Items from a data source

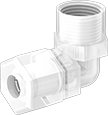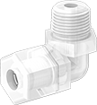 Lighter in weight than their metal counterparts, these compression fittings are polypropylene. They have excellent impact and abrasion resistance. Fittings include a nut with a built-in sleeve (ferrule), so there’s no need to remove the nut for assembly. The sleeve compresses the tubing as you tighten the nut, creating a strong seal. Fittings are also known as flareless fittings.
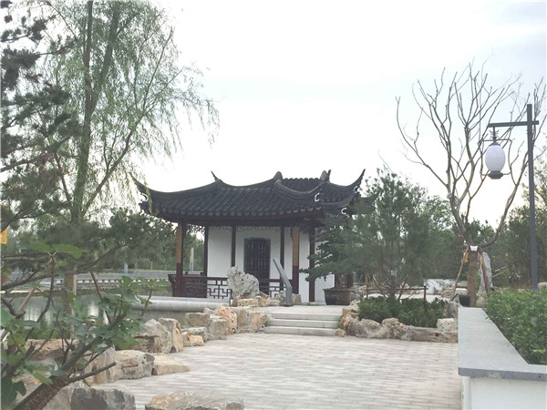 園區(qū)富民河北岸西段景觀綠化工程,位于富民河北岸(通湖大道至石公山路,石公山路至通達(dá)大道),總面積8024平方米,總投資約455萬元,整體風(fēng)格為蘇式風(fēng)格,借鑒蘇州園林元素,如滄浪亭、獅子林、拙政園和留園的園林特點,打造園區(qū)的“蘇式園林”。
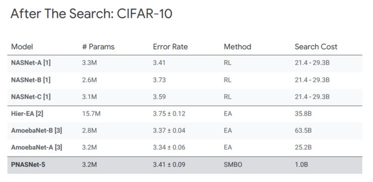 其中 PNASNet-5 是我们最终搜索出来的结果。而我们找到这样一个结构之后,仅仅确保它在过程中的表现好还不够,我们还要在搜索完成后,将 N 和 F 增大,在 CIFAR-10 和 ImageNet 上进行训练和测试。这里的问题是,我们找到的网络结构在最好的 benchmark datasets 上的表现是怎么样的。
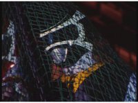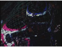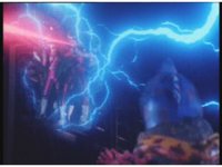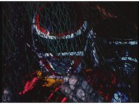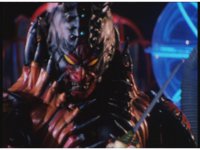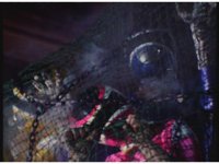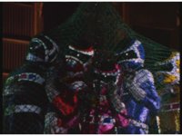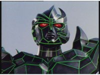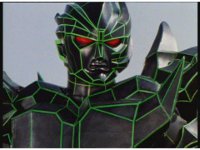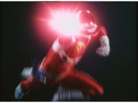In the net, Red readies his Battlizer, pressing 02 and unleashing red beams that crackle and spark burst the net, freeing the Rangers, to which blue Crocotox reacts. |
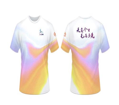 參賽服裝設(shè)計(jì)采用炫彩粉漸變色,既躍動(dòng)著馬拉松的活力與激情,也呼應(yīng)著江門清新、開放、多元的城市氣質(zhì)。正面飾以賽事專屬LOGO,背面“無(wú)負(fù)今日 邑馬當(dāng)先”的主題口號(hào)躍然其上,這不止是一句標(biāo)語(yǔ),更是奔跑者的共同誓言。口號(hào)的力量與腳步的節(jié)奏同頻共振,每一位跑友身披這份色彩與宣言,向世界展示一個(gè)青春昂揚(yáng)、奮進(jìn)不息的江門。
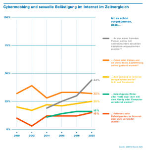 Noch häufiger als von Cybermobbing sind Jugendliche von sexuellen Belästigungen im Internet betroffen: Beinahe die Hälfte aller Jugendlichen (44 Prozent) wurde im Internet bereits einmal von einer fremden Person mit unerwünschten sexuellen Absichten kontaktiert. Seit 2014 ist diese Zahl deutlich angestiegen (2014: 19 Prozent). Mädchen sind davon häufiger betroffen als Jungen (55 Prozent vs. 28 Prozent).
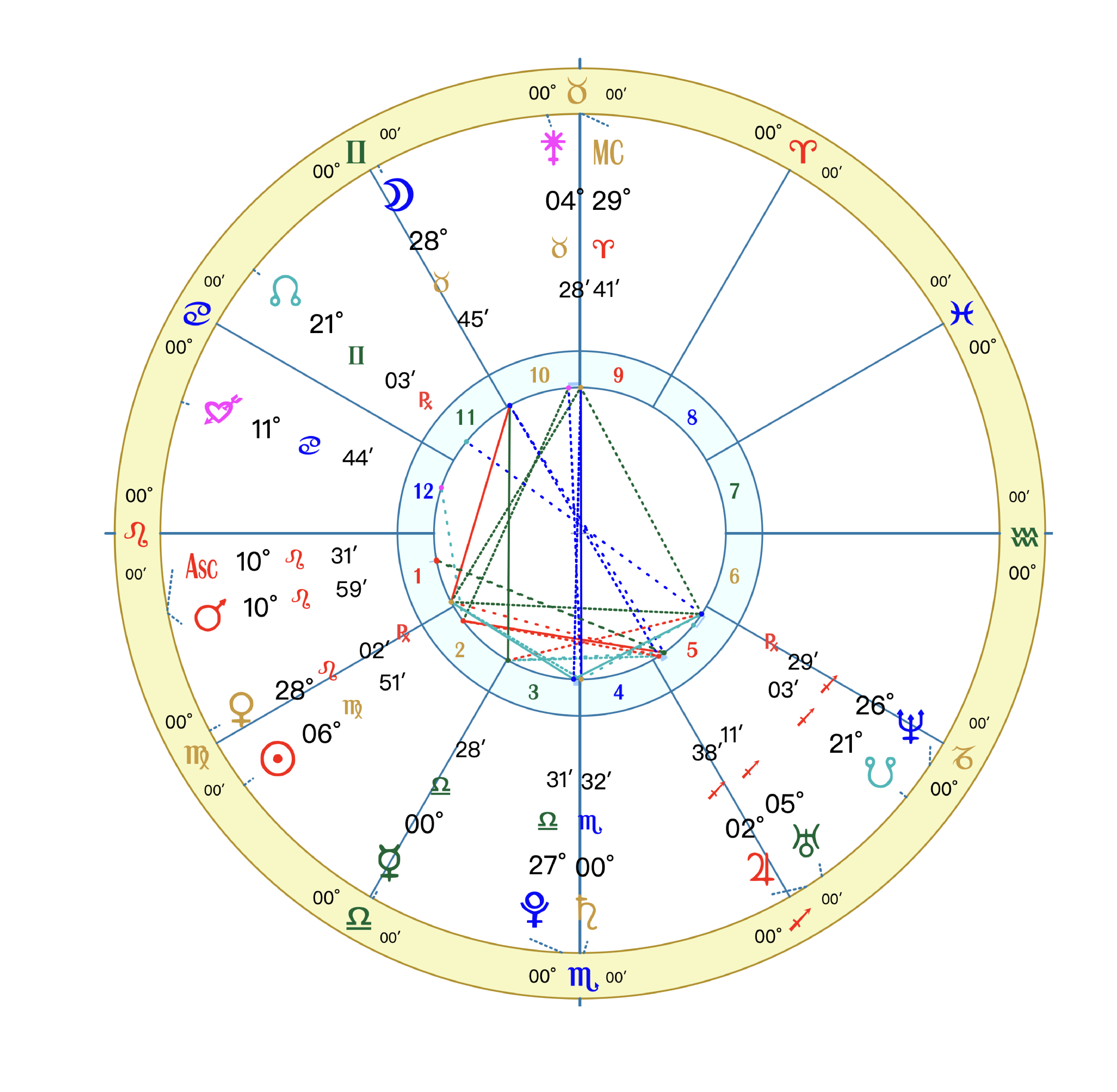 是看了盘之后忍不住就想聊他的盘他的人生他的一切!03:01上升狮子座,木星射手5宫,全盘有很集中的狮子射手能量,水星作为太阳星座守护星也有很瞩目的能量08:40 T三角相位揭示大张伟在冲突下的人生选择与重大转变11:48 冥王星三宫13:35 月亮金牛、土星4宫、太阳2宫关于物质积累的剧情14:25 上升狮子的6、7宫同一颗守护星土星花儿乐队-19岁花儿乐队-八月最后一天
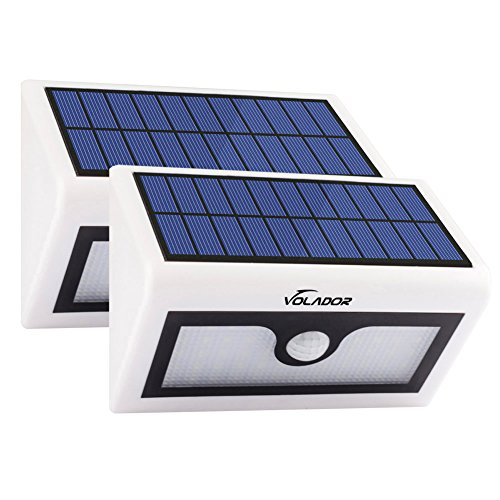 VOLADOR 2 Packs 50 LED Solar Lights, Outdoor Wireless Security Lights, Motion Activated Solar Light, Wall Mount Solar Light for Garden Patio Deck Yard Path Driveway(White)
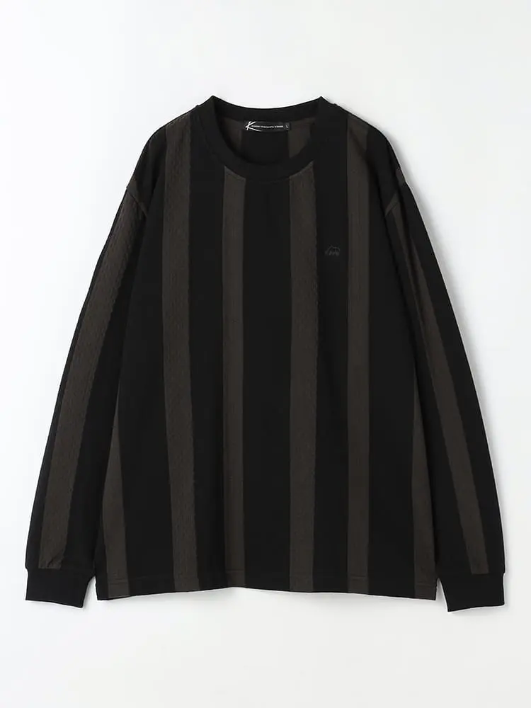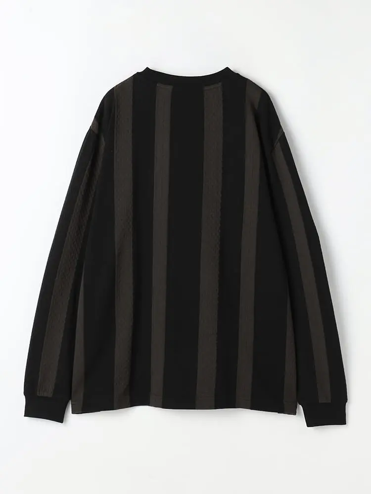 リズミカルな印象のピッチでストライプ柄をデザインしたトレーナー。
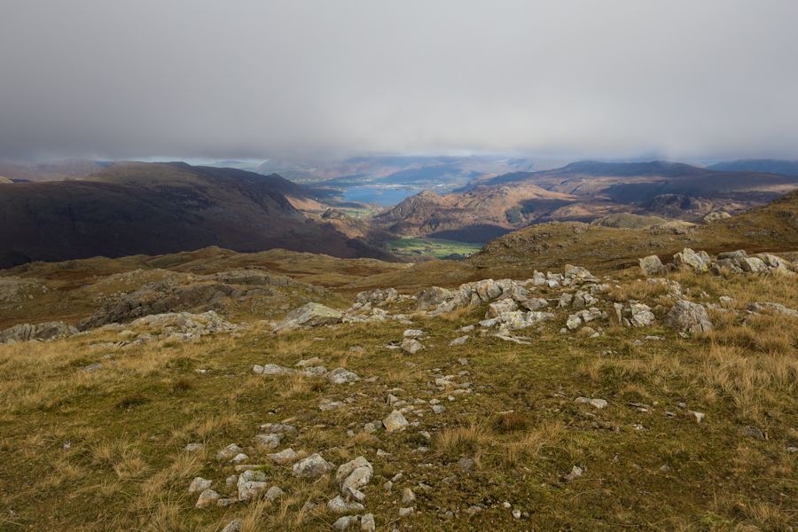 the cloud slowly starting to lift and revealing keswick and derwent water to the north

--- WHAT IS BEING ASKED ---
Retype exactly, and only, the lines from the one containing "Noch häufiger als" through the end of the records above. Pictures stay out of the copy.

--- REPLY ---
 Noch häufiger als von Cybermobbing sind Jugendliche von sexuellen Belästigungen im Internet betroffen: Beinahe die Hälfte aller Jugendlichen (44 Prozent) wurde im Internet bereits einmal von einer fremden Person mit unerwünschten sexuellen Absichten kontaktiert. Seit 2014 ist diese Zahl deutlich angestiegen (2014: 19 Prozent). Mädchen sind davon häufiger betroffen als Jungen (55 Prozent vs. 28 Prozent).
 是看了盘之后忍不住就想聊他的盘他的人生他的一切!03:01上升狮子座,木星射手5宫,全盘有很集中的狮子射手能量,水星作为太阳星座守护星也有很瞩目的能量08:40 T三角相位揭示大张伟在冲突下的人生选择与重大转变11:48 冥王星三宫13:35 月亮金牛、土星4宫、太阳2宫关于物质积累的剧情14:25 上升狮子的6、7宫同一颗守护星土星花儿乐队-19岁花儿乐队-八月最后一天
 VOLADOR 2 Packs 50 LED Solar Lights, Outdoor Wireless Security Lights, Motion Activated Solar Light, Wall Mount Solar Light for Garden Patio Deck Yard Path Driveway(White)
 リズミカルな印象のピッチでストライプ柄をデザインしたトレーナー。
 the cloud slowly starting to lift and revealing keswick and derwent water to the north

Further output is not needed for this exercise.